Anybody been hunting the WMA since it opened today? Everything was super quiet where I was. No shots heard and I didn't see anything of interest.


----------



## PappyHoel (Nov 13, 2013)

whitetailhuntress21 said:


> Anybody been hunting the WMA since it opened today? Everything was super quiet where I was. No shots heard and I didn't see anything of interest.



They have a live from the tree thread going.  I don't think they saw a lot today.  Have you found any rubs or scrapes?


----------



## Luke0927 (Nov 13, 2013)

Might as well make yellow acorns legal up here.........


----------



## GA DAWG (Nov 13, 2013)

You mean they ain't?


----------



## River Rambler (Nov 24, 2013)

*Dawson report*

Any reports from today? Lots of shooting this morning at first light, then it died. Didn't see a thing all day.

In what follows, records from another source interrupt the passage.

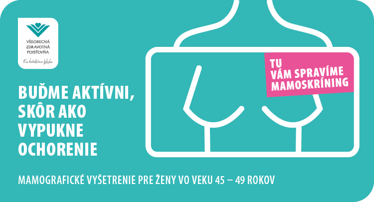 Od 1. apríla 2025 pozývame naše poistenky už vo veku od 45 do 49 rokov na bezplatné skríningové mamografické vyšetrenie prsníkov v certifikovanom (špecializovanom) mamografickom pracovisku. Hoci zákonná hranica na toto vyšetrenie je zatiaľ stanovená od 50 rokov veku ženy, my vo Všeobecnej zdravotnej poisťovni veríme, že prevencia nemá čakať – a preto túto možnosť ponúkame už skôr.
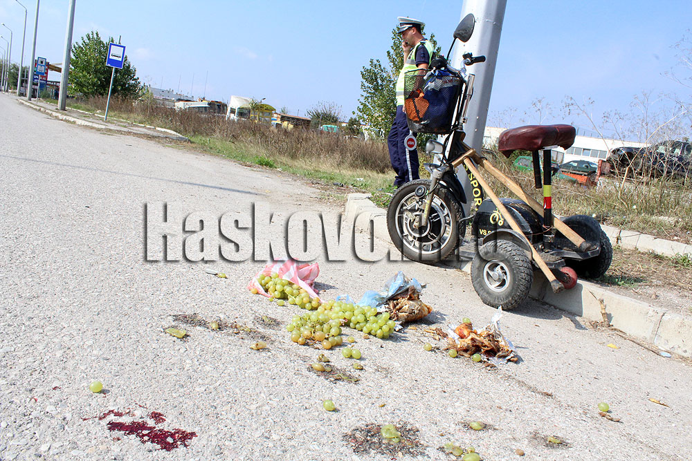 Пострадалият беше откаран до болницата с линейка. На асфалта има кръв и разпиляна чанта с покупки.
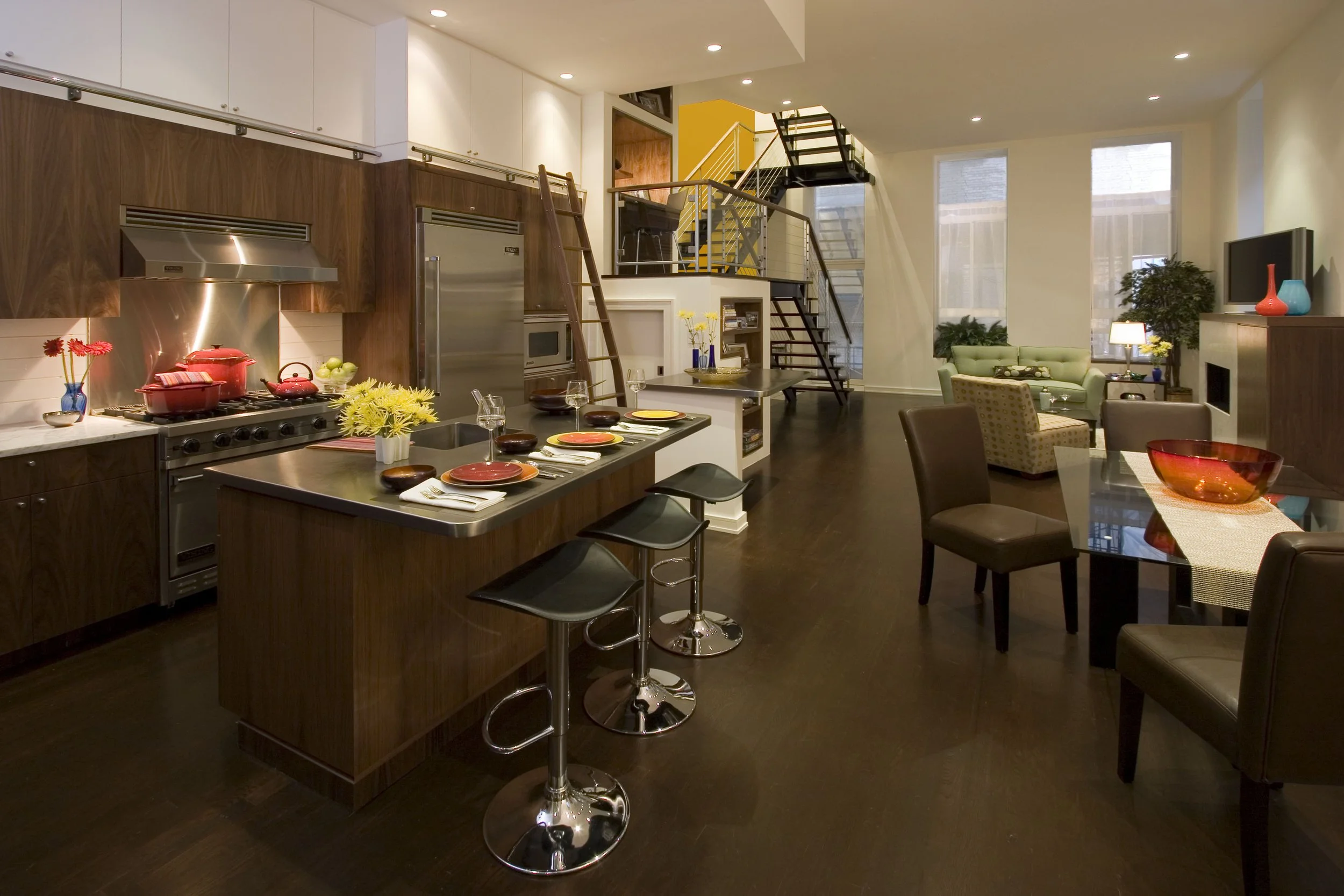 Greenwich Village Loft — no walls with furniture defining the spaces.

Bucks starting rub...finally!


----------



## cetaws6 (Nov 24, 2013)

Just started to see some rubs around me this weekend have jumped 2 bucks going out on the main rd. Seen one Saturday morning was a buck and he was moving to fast to do anything. Crazy thing I haven't seen a doe yet


----------



## Makeithappen01 (Nov 25, 2013)

Hunting behind the house today have not seen a deer yet.Just a few turkeys


----------



## NorthGaBowhunter (Nov 25, 2013)

I was off all last week seen just a couple deer, 1 lousey 6 pointer under my stand was the highlights of the week. maybe this weekend will pay off. good luck fellas


----------



## GA DAWG (Nov 26, 2013)

Yall know how many was killed on the Forest last hunt don't ya??? A whopping 3. Never have I ever saw only 3 killed on that hunt. Usually a rut hunt. Maybe we ain't gonna see no real rut this yr.


----------



## Makeithappen01 (Nov 26, 2013)

Im going behind the house in the morning just hope to see some chasing.I will let yall know.


----------



## Makeithappen01 (Nov 27, 2013)

To windy for me


----------



## 2-shot (Nov 27, 2013)

Them 3 killed on the forest were the only ones left after last yr's massacre


----------



## GA DAWG (Nov 27, 2013)

I rode around huntin this eve. Er I mean rode around through dawson co. Saw none.


----------



## Makeithappen01 (Nov 28, 2013)

So far spike and small buck chasing some does.No big ones yet


----------



## GA DAWG (Nov 28, 2013)

I can't figure em out. The does are in groups like they usually are in late Jan. Its odd. In north Forsyth anyhow.


----------



## Makeithappen01 (Nov 29, 2013)

Usually there chasing like crazy this week.As I type spike is behind me first thing I've saw this mornin.Been strange here this year IDK


----------



## PappyHoel (Nov 29, 2013)

Y'all better be in the woods rut is on now!


----------



## superman1275 (Dec 2, 2013)

Hunters safety course is going to be hosted at Sunny Side Church  2510 east cherokee dr Woodstock Ga. It is this Saturday December 7th and will be starting at 8AM and end at 5PM Lunch will be provided by Sunnyside Church. You can get your study material at Excalibur arms. 3800 Holly Springs PRKWY. Canton Ga. All ages are welcome!


----------